Fifteen healthy middle-aged and elderly women (≥ 45 years old) who had been postmenopausal for more than 3 years and had no contraindications to vibration training exercise voluntarily participated in this study. Their average age was 60.8 ± 4.18 years. The average height was 158.17 ± 4.47 cm. The average body weight was 61.96 ± 9.42 kg. Eligibility was determined via a screening questionnaire, non-institutionalized, not on prescriptions that could have affected their muscle strength or bone metabolisms, and had no prior WBV training. Those with a history of back pains, pelvis or lower extremities inflammation, thrombosis, recent fracture, implants, gallstones, kidney or bladder stones, spinal-related ailments, other serious illnesses or contraindications to exercise were excluded from this study. Approval for this study was obtained from the Ethics Committee of Capital University of Physical Education and Sports.

Experimental designs

Before the start of the experiments, all participants had a session to familiarize themselves with WBV, which comprised standing with feet spread at a shoulder-width distance on the vibration platform in a comfortable SSS position with their knees flexed at nearly 45°. Additionally, they were instructed about the proper techniques for maintaining the squatting positions and practiced until they could perform the exercises correctly. Verbal instructions were also given for completing the squats at a constant pace of 2 s downwards and 1 s upwards at 1-s intervals.
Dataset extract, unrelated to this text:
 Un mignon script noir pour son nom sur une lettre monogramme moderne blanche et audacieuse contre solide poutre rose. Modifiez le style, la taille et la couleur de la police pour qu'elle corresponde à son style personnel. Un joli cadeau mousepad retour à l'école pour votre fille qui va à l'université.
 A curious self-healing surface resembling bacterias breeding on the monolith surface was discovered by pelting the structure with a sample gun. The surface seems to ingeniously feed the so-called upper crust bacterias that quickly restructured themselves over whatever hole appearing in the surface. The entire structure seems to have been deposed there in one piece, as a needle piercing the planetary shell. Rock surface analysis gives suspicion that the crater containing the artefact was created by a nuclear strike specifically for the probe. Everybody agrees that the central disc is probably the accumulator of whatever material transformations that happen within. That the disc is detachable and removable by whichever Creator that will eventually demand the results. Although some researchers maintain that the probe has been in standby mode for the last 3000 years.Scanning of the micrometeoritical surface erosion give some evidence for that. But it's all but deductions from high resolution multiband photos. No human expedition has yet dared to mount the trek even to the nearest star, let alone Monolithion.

The participants performed multidimensional WBV on a vibratory platform (USA, Power Plate Pro5 AIRdaptive). For single-group exercises, repeated measures were performed for the EMGrms of two leg muscles, considered as dependent variables. Comparatively, the independent factors included the 2 semi-squat patterns (SSS and DSS), 3 different frequencies (0 Hz, 30 Hz, and 40 Hz) and 3 different amplitudes (0 mm, 2 mm, and 4 mm). Five-minute pauses were allocated between the exercises31,32, with each exercise lasting for about 35 s. The order of the exercises for each participant was randomized based on predetermined positions, frequencies and amplitudes.

For the SSS, the participants were made to squat on the vibration platform (barefoot) with their knees flexed at nearly 45°33, both heels off the platform and both hands lightly holding the handrails. For the DSS, the participants were made to stand on the platform with their knees flexed between 5°–45°, feet separated by a shoulder-width distance and both heels marginally raised. The semi-squat was performed in the following order: 4 s per rep, 2 s squat, 1 s squat, 1 s interval34. The participants were instructed to follow the video on a laptop, which guided them for completing 8 DSS WBV training. The flexion angle of the knees was controlled using a goniometer during each exercise. The vibration stimulus acceleration was controlled using a triaxial accelerometer (Actigraph, Ft. Walton Beach, USA) and varies for different frequencies and amplitudes (see Table 1). And The vibration acceleration delivered to the subject was recorded by an accelerometer placed on the vibration platform.

Table 1 The peak accelerations of the vibration platform under normal settings.

EMG measurements and processing

All electromyographic signals were collected at 1000 Hz using BTS EMG-Analyzer software (BTS FreeEMG300, Italy). Surface EMG signals of the rectus femoris (RF), vastus medialis (VM), vastus lateralis (VL), biceps femoris (BF) and gastrocnemius (GS) (medial) muscle of both legs were measured bipolarly using disposable 20-mm disc electrodes (Blue Sensor Ag/AgCl) fixed over the mid-section of the muscle belly separated by a 20 mm interelectrode (center-to-center) distance. Before attaching the electrodes, the skin of each participant was cleared of dead epidermis using an abrasive paste, followed by degreasing.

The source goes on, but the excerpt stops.